5.  The registrant's other certifying officer and I have disclosed, based on our
    most recent evaluation of internal control over financial reporting, to the
    registrant's auditors and the audit committee of registrant's board of
    directors (or persons performing the equivalent functions):

     a) All significant deficiencies and material weaknesses in the design or
        operation of internal control over financial reporting which are
        reasonably likely to adversely affect the registrant's ability to
        record, process, summarize and report financial information; and

     b) Any fraud, whether or not material, that involves management or other
        employees who have a significant role in the registrant's internal
        controls over financial reporting.
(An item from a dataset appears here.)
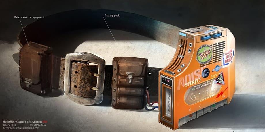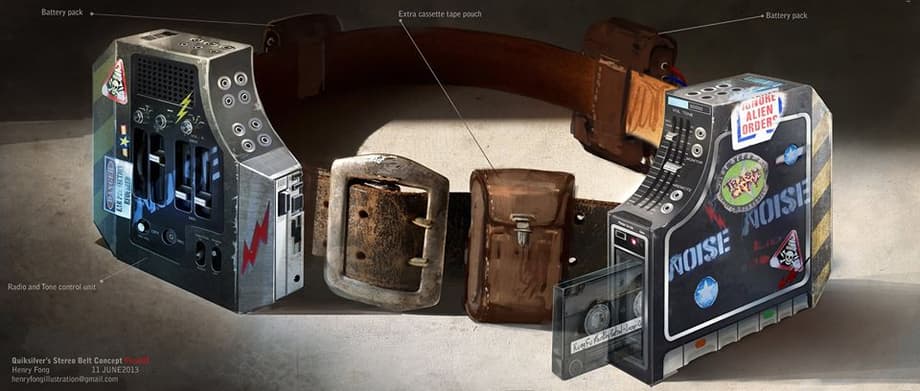 When director Bryan Singer ("The Usual Suspects") announced that X-Men: Days of Future Past would include 'Quicksilver' and that Evan Peters ("Kick-Ass") would play the role many people, such as myself, were skeptical. The timing of the announcement seemed especially odd since we already knew Joss Whedon's Avengers: Age of Ultron had decided to use the speedy-mutant as well. But all doubt surrounding Singer's intentions were tossed out the window when audiences were blown away by the film's Pentagon scene. 'Quicksilver' stole the show as he zipped along the walls of the Pentagon's kitchen with a gleeful smile as he protected his new allies: Wolverine (Hugh Jackman), Magneto (Michael Fassbender) and Charles Xavier (James McAvoy). Below, are designs for the character's customized stereo belt.

     Date:   December 22, 2005

BY  /s/ C. Steven Guenthner
    ------------------------
    C. Steven Guenthner
    Senior Vice President & Chief Financial Officer






                                                                    Exhibit 32.1


                    CERTIFICATION OF CHIEF EXECUTIVE OFFICER
                       PURSUANT TO 18 U.S.C. SECTION 1350
     (AS ADOPTED PURSUANT TO SECTION 906 OF THE SARBANES-OXLEY ACT OF 2002)


               I, William B. Yarmuth, Chief Executive Officer of Almost Family,
Inc. (the "Company"), certify, pursuant to Section 906 of the Sarbanes-Oxley Act
of 2002, 18 U.S.C. Section 1350, that:

         (1)    The Annual Report on Form 10-K/A of the Company for the annual
                period ended December 31, 2004 (the "Report") fully complies
                with the requirements of Section 13(a) of the Securities
                Exchange Act of 1934 (15 U.S.C. 78m); and

         (2)    The information contained in the Report fairly presents, in all
                material respects, the financial condition and results of
                operations of the Company.
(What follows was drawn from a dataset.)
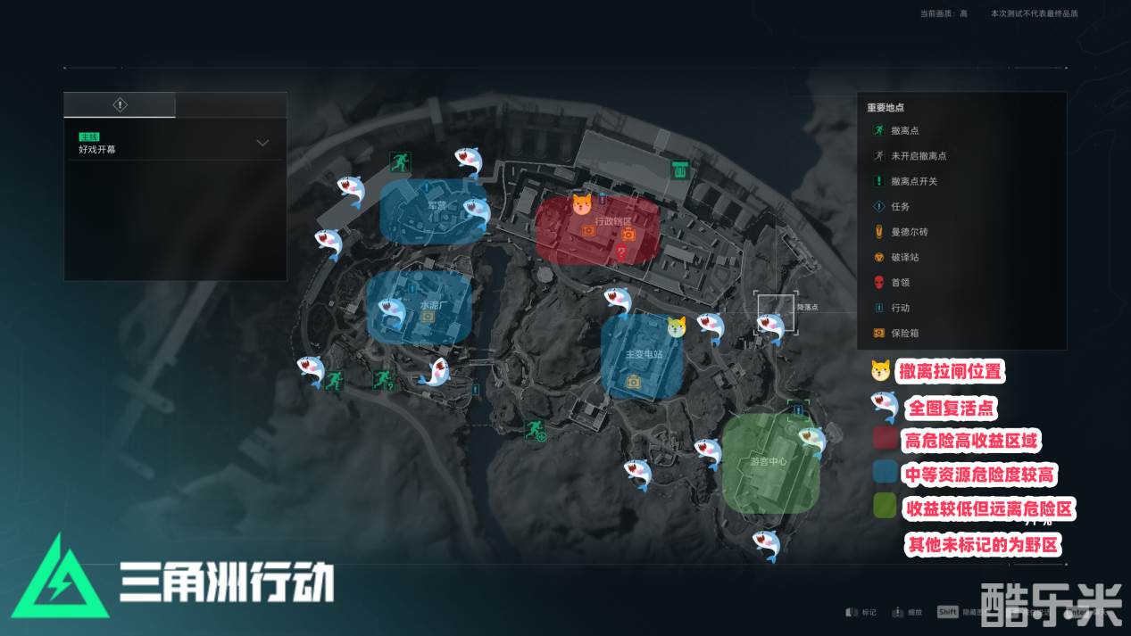 地图中除了明显的标识区域外,还有很多“隐藏”信息。例如在零号大坝地图中共计14处复活点,北方的拉闸撤离点有2处对应的拉闸区域等。而且地图中还藏有许多的“鸟窝”、“井盖”以及“密码房”、“密钥房”、“奇葩彩蛋位置”等等不计其数的“高价值物品爆率点位”,如果不掌握这些基础信息,是无法做到巨巨几十万的出货量的。

Date:          December 22, 2005                   By  /s/ William B. Yarmuth
               -----------------                       ------------------------
                                                       William B. Yarmuth
                                                       Chairman of the Board,
                                                       President & Chief
                                                        Executive Officer







A signed  copy of this  original  statement  required  by  Section  906 has been
provided to the Company and will be retained by the Company and furnished to the
Securities and Exchange Commission or its staff on request.





                                                                   Exhibit 32.2

                    CERTIFICATION OF CHIEF FINANCIAL OFFICER
                       PURSUANT TO 18 U.S.C. SECTION 1350
     (AS ADOPTED PURSUANT TO SECTION 906 OF THE SARBANES-OXLEY ACT OF 2002)


               I, C. Steven Guenthner, Chief Financial Officer of Almost Family,
Inc. (the "Company"), certify, pursuant to Section 906 of the Sarbanes-Oxley Act
of 2002, 18 U.S.C. Section 1350, that:

         (1)   The Annual Report on Form 10-K/A of the Company for the annual
               period ended December 31, 2004 (the "Report") fully complies with
               the requirements of Section 13(a) of the Securities Exchange Act
               of 1934 (15 U.S.C. 78m); and

         (2)   The information contained in the Report fairly presents, in all
               material respects, the financial condition and results of
               operations of the Company





Date:   December 22, 2005                     By  /s/ C. Steven Guenthner
        -----------------                         -------------------------
                                                  C. Steven Guenthner
                                                  Senior Vice President & Chief
                                                  Financial Officer



A signed  copy of this  original  statement  required  by  Section  906 has been
provided to the Company and will be retained by the Company and furnished to the
Securities and Exchange Commission or its staff on request.